[llvm-dev] [RFC] Changing LoopUnrollAndJamPass to a function pass.

Fri Jan 3 05:42:04 PST 2020

Hello

Sounds interesting, and it would be great to see Unroll and Jam get some 
love. I'm maybe being unimaginative, but I don't know of many cases 
where Unroll-and-Jamming the outer loops would be more beneficial than 
the code bloat it gave (a lot like normal unrolling). But making this a 
function pass sounds useful anyway, it would avoid the awkward case of 
accidentally unrolling the inner loop before the outer loop has been UnJ'd!
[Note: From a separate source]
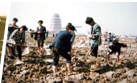
❶ 上世纪90年代华西村

 > 3. Less remaining loops are needed if we consider the whole loop nest 
together

This one is interesting. UnJ was written for things like matrix multiply 
on microcontroller's without vectorization available. It helps quite a 
lot there. In our experience, we often end up unroll-and-jamming the 
middle(j) iteration, then unrolling the inner(k) one, creating a tile of 
sorts. It can create quite large code, but that code is quick on these 
little cpus.

Oh, and IIRC UnJ was written in a way that it would potentially be 
expanded to handle multiple inner loops. Or maybe I just had the idea 
that it could be expanded like that, providing that you can work out all 
the control flow and dependencies correctly. This might help with 
unroll-and-jamming vectorized code too (although if outer loop 
vectorization and interleaving is something that can already be handled 
in the vectorizer, it may be better to leave it to do that job and have 
it included in all it's cost modelling. Reverse-engineering that the 
runtime checks are loop-invariant doesn't sound very reliable. If the 
vectorizer can already do Unroll and Jam, let it do it on its own).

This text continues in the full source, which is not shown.